## Exercise instructions
From the entries below, return only the lines starting at the one that contains "Akuamarin, lab safir" and ending at the one that contains "メッシュ ラインストーン トップ", exactly as they stand.

## Input data

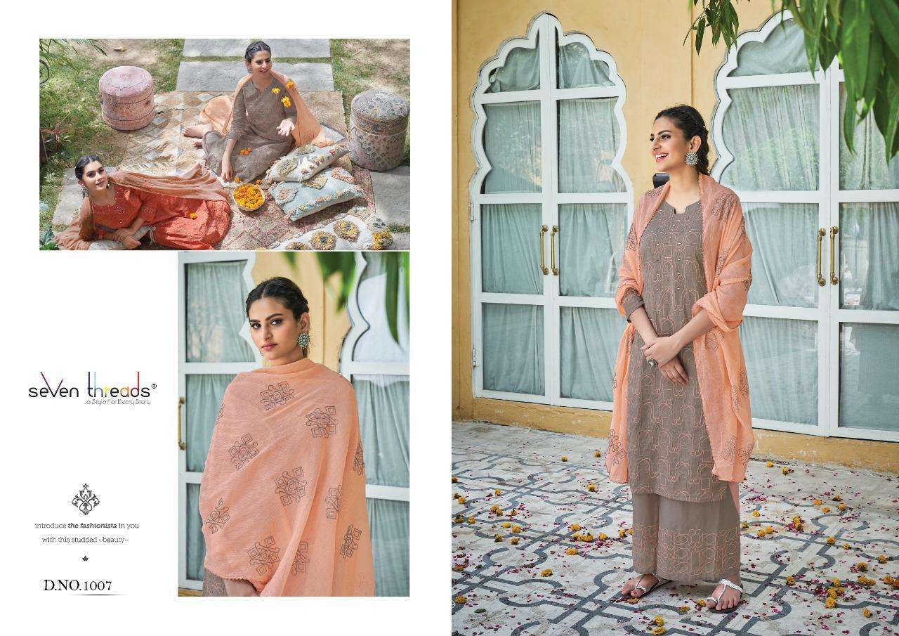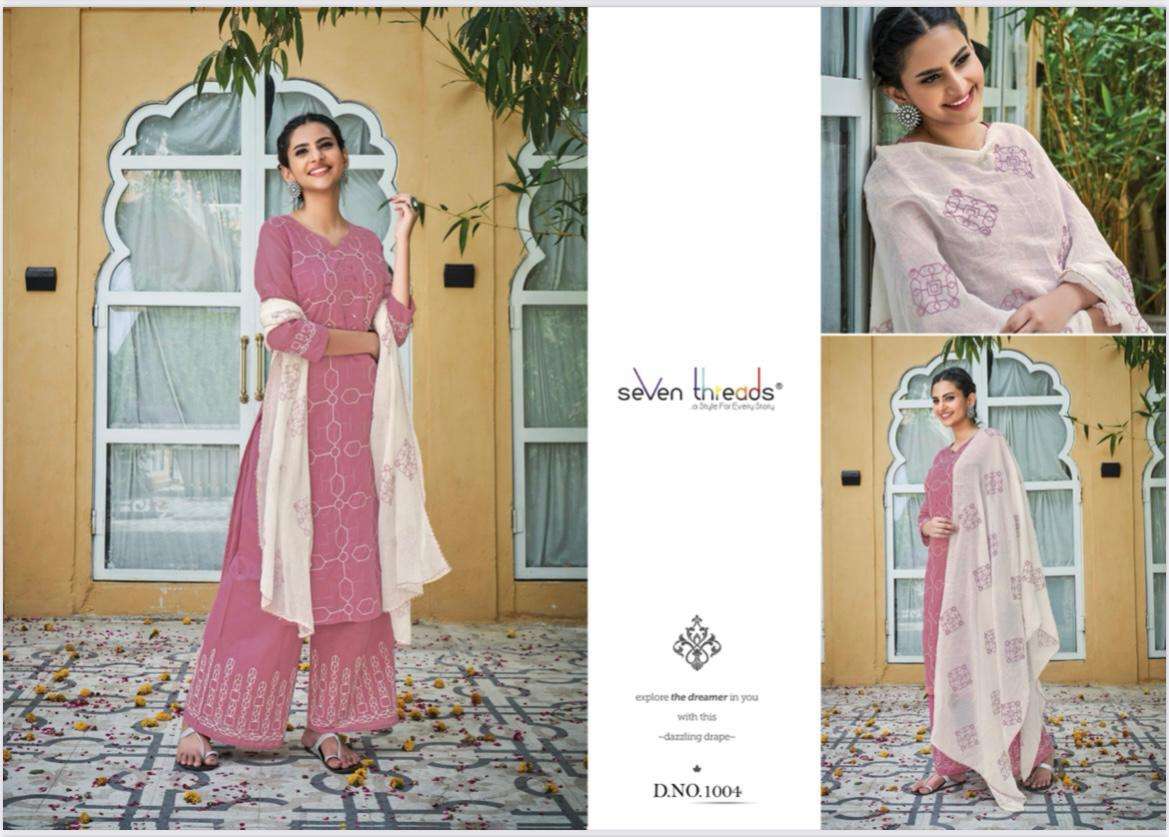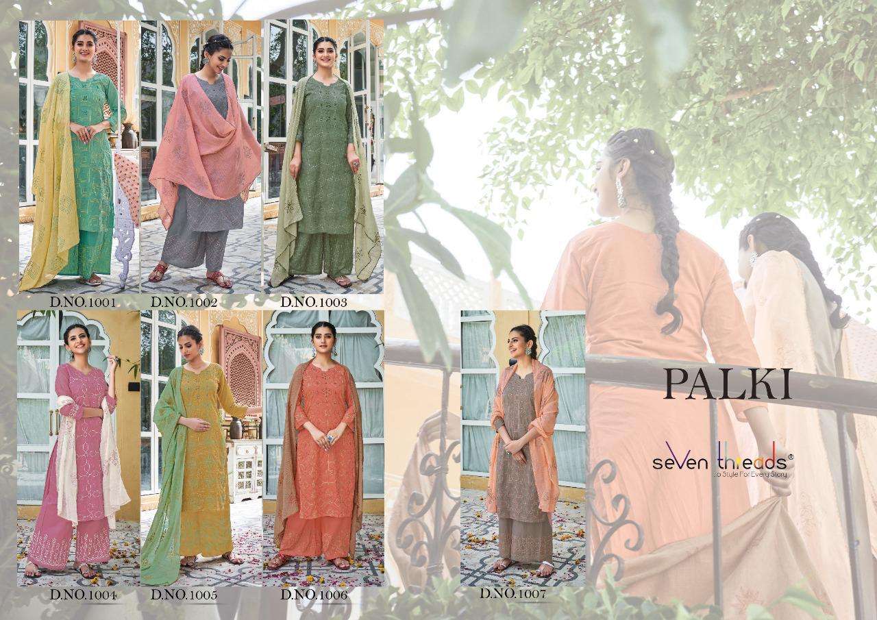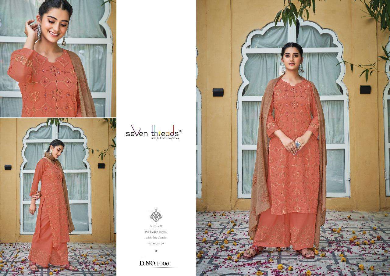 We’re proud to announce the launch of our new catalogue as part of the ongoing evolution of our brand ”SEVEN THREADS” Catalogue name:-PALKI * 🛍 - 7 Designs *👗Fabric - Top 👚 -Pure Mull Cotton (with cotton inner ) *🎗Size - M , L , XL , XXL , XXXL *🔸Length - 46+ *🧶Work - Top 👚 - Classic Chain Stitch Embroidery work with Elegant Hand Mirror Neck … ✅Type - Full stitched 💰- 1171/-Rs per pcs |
--
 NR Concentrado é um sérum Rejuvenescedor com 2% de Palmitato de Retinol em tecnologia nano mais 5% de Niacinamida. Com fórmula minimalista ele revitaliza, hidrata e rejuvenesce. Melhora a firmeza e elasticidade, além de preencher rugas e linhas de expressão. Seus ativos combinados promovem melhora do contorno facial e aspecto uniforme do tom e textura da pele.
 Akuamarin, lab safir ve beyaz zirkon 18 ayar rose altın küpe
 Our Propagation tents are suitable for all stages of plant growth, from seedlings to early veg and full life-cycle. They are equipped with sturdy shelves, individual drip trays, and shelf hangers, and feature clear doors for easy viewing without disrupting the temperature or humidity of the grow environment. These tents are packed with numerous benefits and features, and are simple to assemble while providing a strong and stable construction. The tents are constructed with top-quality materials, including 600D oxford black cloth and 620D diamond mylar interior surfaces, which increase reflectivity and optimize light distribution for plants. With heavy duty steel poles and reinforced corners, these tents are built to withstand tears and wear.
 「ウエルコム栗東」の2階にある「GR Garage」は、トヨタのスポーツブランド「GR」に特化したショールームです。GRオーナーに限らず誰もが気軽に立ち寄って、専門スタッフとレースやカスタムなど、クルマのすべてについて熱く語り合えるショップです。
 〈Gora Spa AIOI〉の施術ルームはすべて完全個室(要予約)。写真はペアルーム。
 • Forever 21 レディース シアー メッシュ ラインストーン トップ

## Result of the task
 Akuamarin, lab safir ve beyaz zirkon 18 ayar rose altın küpe
 Our Propagation tents are suitable for all stages of plant growth, from seedlings to early veg and full life-cycle. They are equipped with sturdy shelves, individual drip trays, and shelf hangers, and feature clear doors for easy viewing without disrupting the temperature or humidity of the grow environment. These tents are packed with numerous benefits and features, and are simple to assemble while providing a strong and stable construction. The tents are constructed with top-quality materials, including 600D oxford black cloth and 620D diamond mylar interior surfaces, which increase reflectivity and optimize light distribution for plants. With heavy duty steel poles and reinforced corners, these tents are built to withstand tears and wear.
 「ウエルコム栗東」の2階にある「GR Garage」は、トヨタのスポーツブランド「GR」に特化したショールームです。GRオーナーに限らず誰もが気軽に立ち寄って、専門スタッフとレースやカスタムなど、クルマのすべてについて熱く語り合えるショップです。
 〈Gora Spa AIOI〉の施術ルームはすべて完全個室(要予約)。写真はペアルーム。
 • Forever 21 レディース シアー メッシュ ラインストーン トップ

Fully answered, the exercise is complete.